If all the transactions are in one year, then it all comes out in the wash.



> And what if I ended up with a loss due to a superficial loss and didn't buy that same security again?


In that case, it's *not a superficial loss*. If you buy something sell it at a loss, and buy it again (within 30 days), that's a superficial loss. If you sell then buy back right away you still own it. If you try to be sneaky and buy twice as much as you want to hold, then turn around and sell half so you end up with the amount you want to own forever, you're still not really taking the loss on what you owned all along by disposing of it. Remember the point of a superficial loss is so that you can't claim losses without actually having taken the loss and disposing of the stock. So if you go 30 days without owning it, you have then realized the loss and it's not superficial anymore.


----------



## 50invester (Feb 10, 2010)

*Superficial Loss*



Potato said:


> So say you bought on Dec 1, sold on Dec 2 for a profit -- there's no superficial profit rule, so you claim that on your taxes for that year. Then you buy on Dec 3 again, and sell on Dec 4 at a loss. If you then went 30 days without buying back, the loss wouldn't be superficial, and you'd be taxed on the net capital gain. But if you did buy back on Dec 5 and held into the new year, then you couldn't claim the Dec 4 loss that year: it would adjust your ACB for when you eventually sold in the next tax year, like you have in your 2nd spreadsheet. If it was ultimately a loss and you stayed out for 30 days, you'd claim the loss against other gains (either in other stocks, or in other years).

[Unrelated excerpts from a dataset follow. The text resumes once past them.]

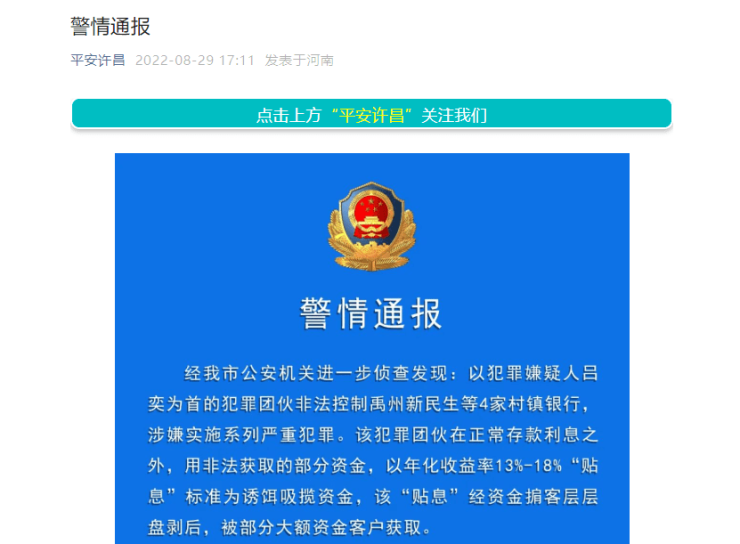焦点财经讯 李泳青 8月29日,河南许昌警方通报“村镇银行案”进展。
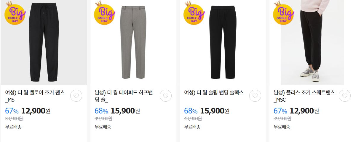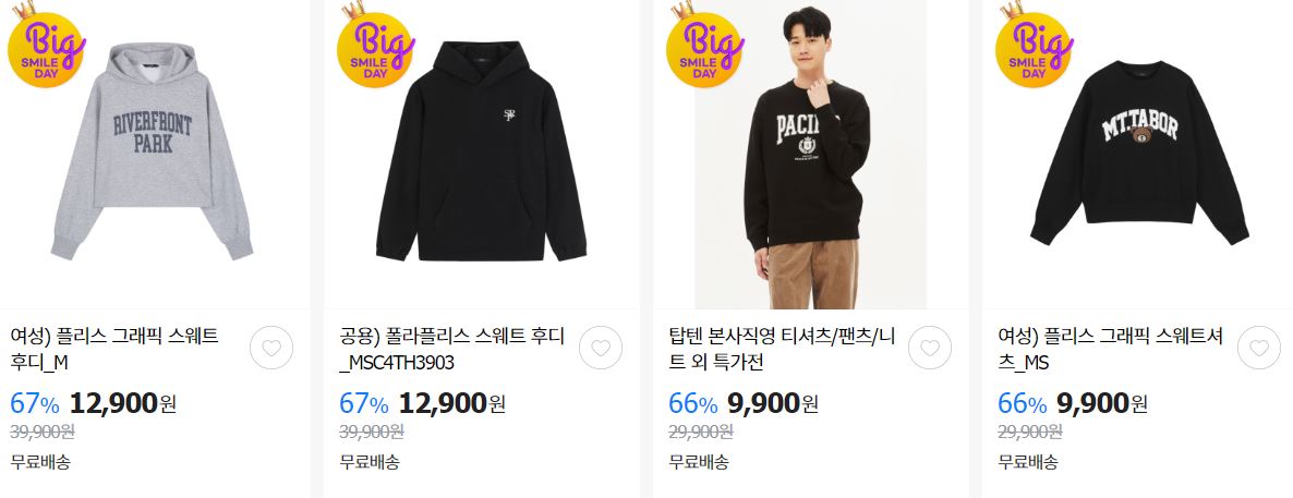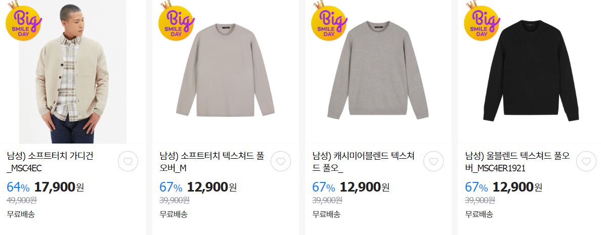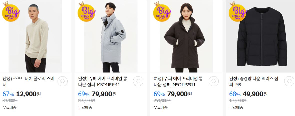 할인 품목 : 점퍼, 니트, 팬츠 등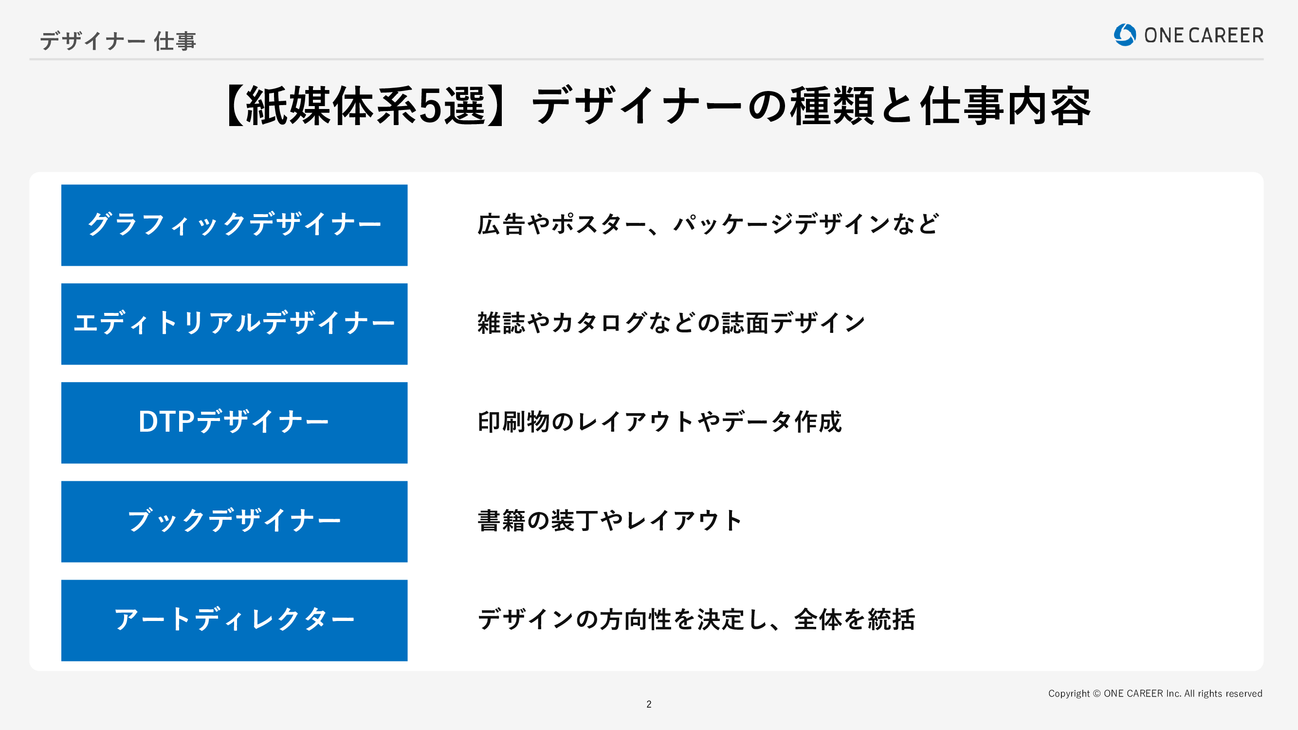 紙媒体のデザイナーには、以下の5つの職種があります。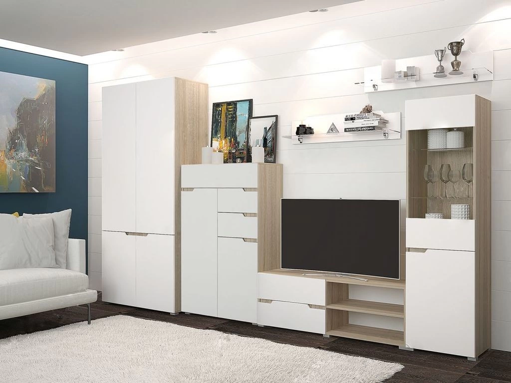- Набор состоит из 2х ств. шкафа, Тумбы и Пенала. Гостиную можно доукомплектовать комодом и навесными полками.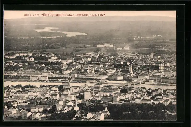 AK Linz a. d. D., Blick vom Pöstlingberg über Urfahr nach dem Ort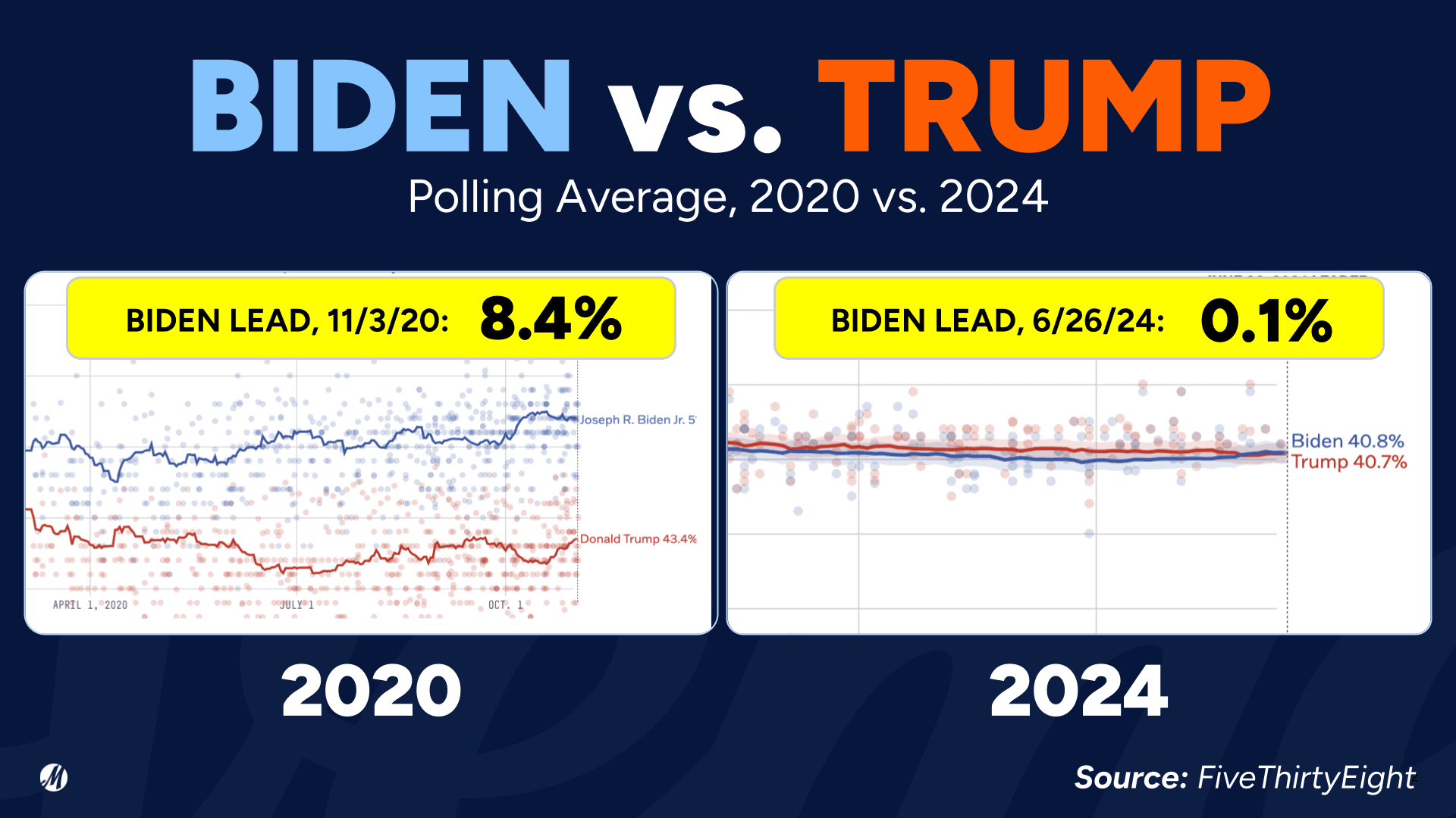 As of June 26th, Biden leads Trump in aggregated national polling by 0.1%. That might sound OK until you consider that on Election Day four years ago, Biden led Trump by 8.4% in an election in which he ultimately won the popular vote by 4.5% (more than 7 million votes). And that huge lead allowed him to squeak out a measly 43,000-vote margin across just three states in the Electoral College.
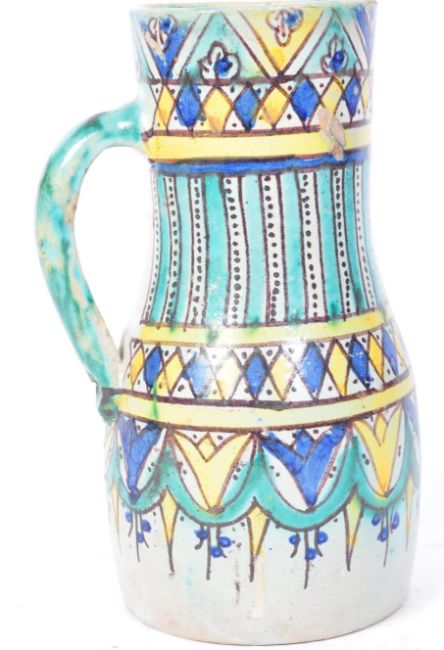 A 19th century Persian Islamic stoneware water jug having a single handle, circular spout and vivid polychrome geometric decoration. Signs of wear and tear commensurate with its age. Measures 23cm high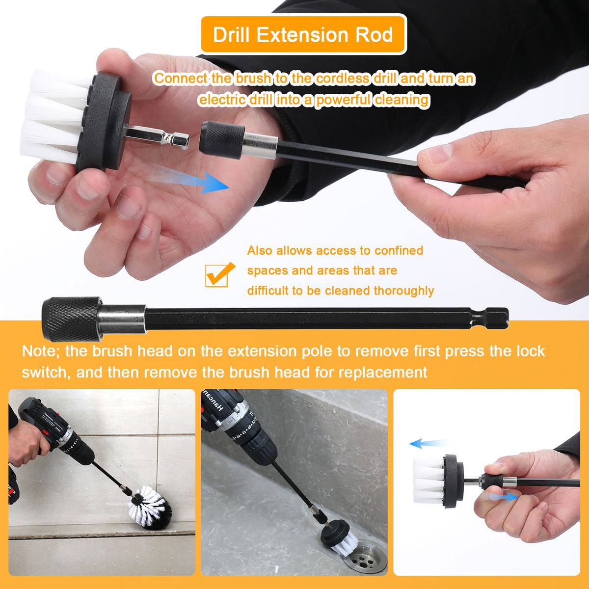 Drill Extension Rod: Connect the brush to the cordless drill and turn an electric drill into a powerful cleaning tool in seconds to get deep cleaning jobs done faster and save more time. Also allows access to confined spaces and areas that are difficult to be cleaned thoroughly.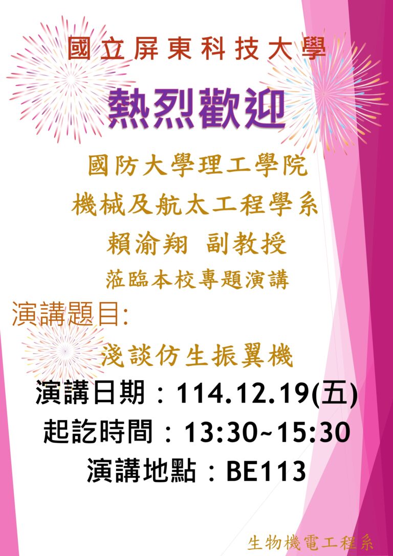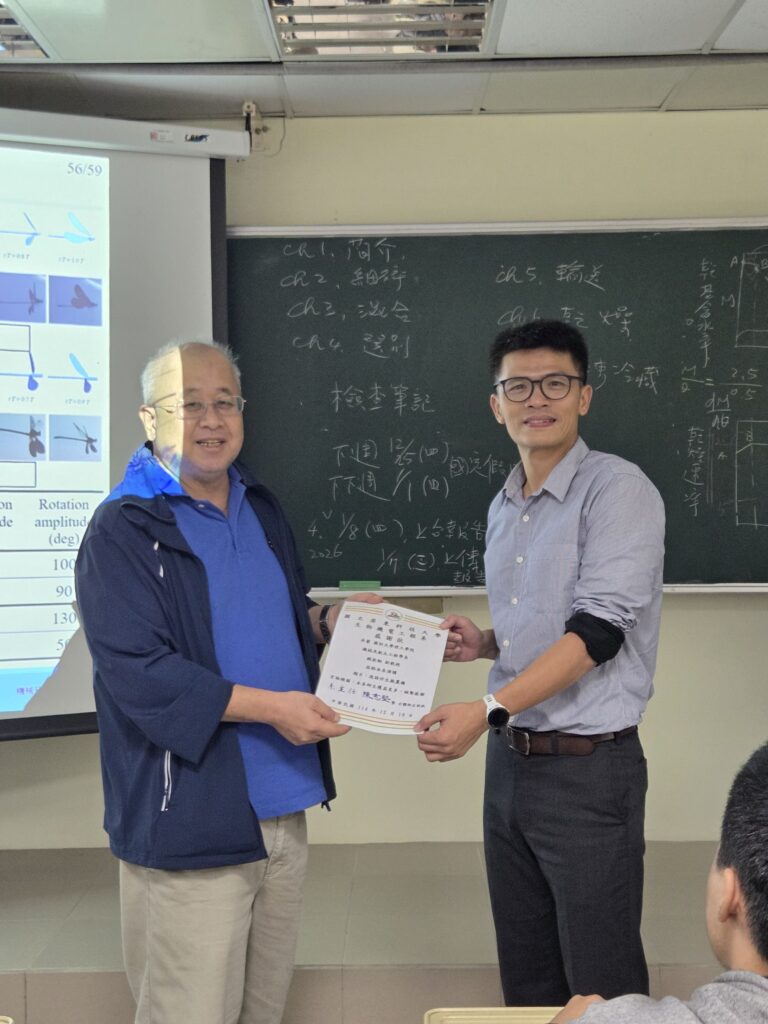 國防大學理工學院 機械及航太工程學系 賴渝翔 副教授 應邀蒞臨國立屏東科技大學生物機電工程系舉辦專題演講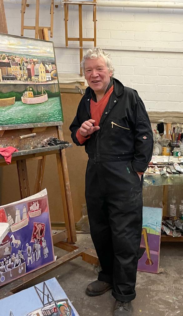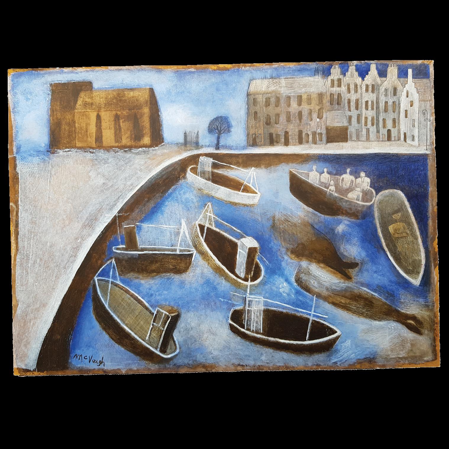 Michael McVeigh was born in 1957 in the post-war council estate of Lochee, Dundee. Leaving school without formal qualifications but determined to become an artist, he began attending classes unannounced at Duncan of Jordanstone College of Art until the painter James Morrison recognised his talent and formally accepted him as a full-time student on the strength of his drawings and paintings alone. Since moving to Edinburgh in 1982, McVeigh has become a familiar figure within the city, regularly seen working outdoors and, until recently, selling his distinctive ‘lizard’ prints from a stall on Rose Street. A figurative painter and printmaker, he has been described as a modern-day folk artist and participant observer, chronicling Scotland’s people, places and traditions with a style that moves between folk-art directness, visionary imagination and a late-Realist social awareness. His works are held in both public and private collections, ranging from town halls and municipal institutions to pubs and fishmongers, reflecting the accessibility and honesty of his practice.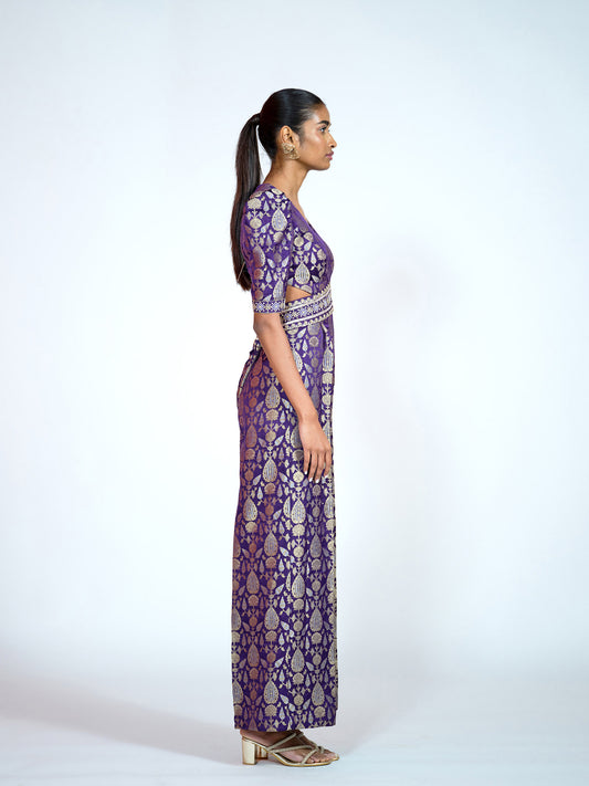 Purple Brocade Jumpsuit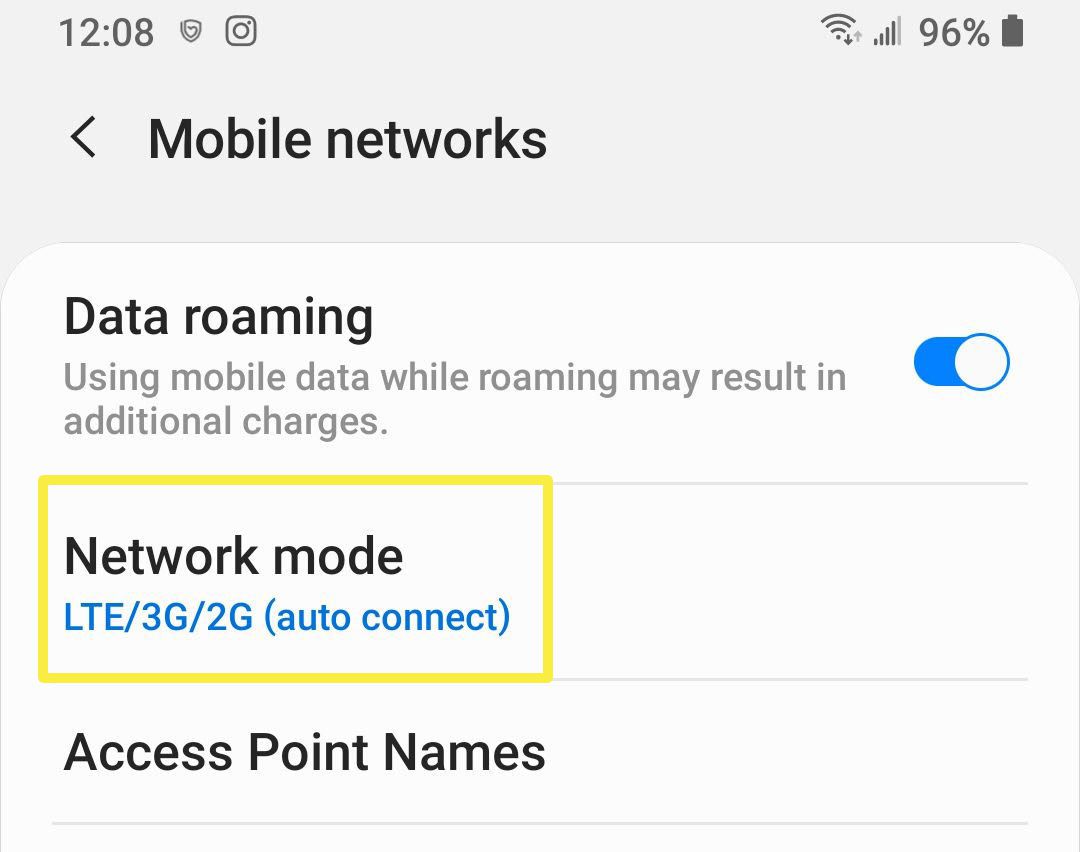 To check yours on Android phones, go to Settings > Connections > Mobile networks to view the Network mode setting. If you need to change the setting, tap Network mode, and make your selection.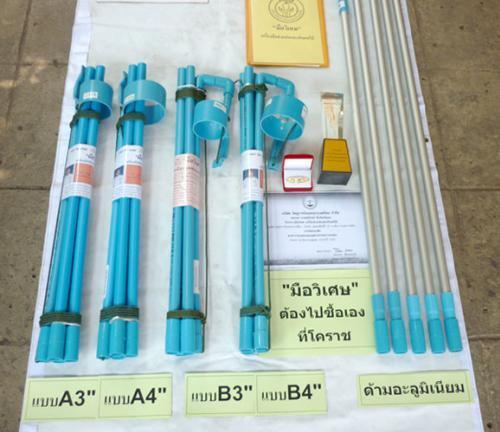 ส่งในกล่องพัสดุ จ(E) เป็นชุดห่อติดด้าม (40 ซม.) ร้อยเชือก (4.50 เมตร) พร้อมใช้งาน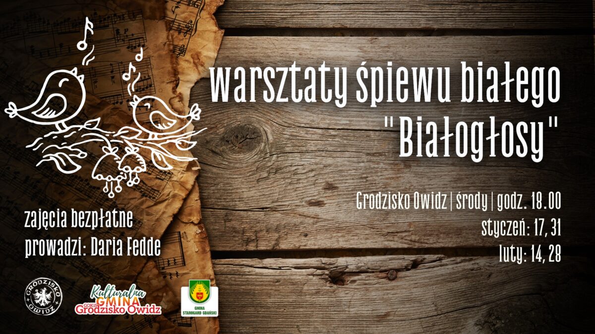 Zapraszamy serdecznie do Grodziska Owidz na wyjątkowe warsztaty śpiewu tradycyjnego “Białogłosy”. Podczas tych spotkań, odbędą się następujące daty: 17 i 31 stycznia, oraz 14 i 28 lutego, zawsze o godzinie 18:00.

Pardon my confusion, but my understanding of the rule was that not only did you have to wait for 30 days after the sale to buy back, you had to actually own it for a period of 30 days prior to selling??


----------



## 50invester (Feb 10, 2010)

*Superficial Loss*

On this topic, and by the way, I have read alot on the web on this and I am not getting any real good answers on this. So, an additional question is, if I own the same stock in a REGISTERED account and Non-registered account at the same time, do I have to follow the rules as if it was one account or a superficial loss will apply? Also, if I follow the rules in my non-registered account a sell to get a capitiol loss, can I continue to hold the same stock in my REGISTERED? I understand the whole thing about the 60 day window and the fact that if its a superficial loss, you just add it to the ACB of that stock. My understanding is that your just deferring the loss (superficial) to use against the gain in the same stock in the future. Where as a 'Capitol Loss' you can use right away to reduce the gain seen in other stocks that you may hold. Correct? 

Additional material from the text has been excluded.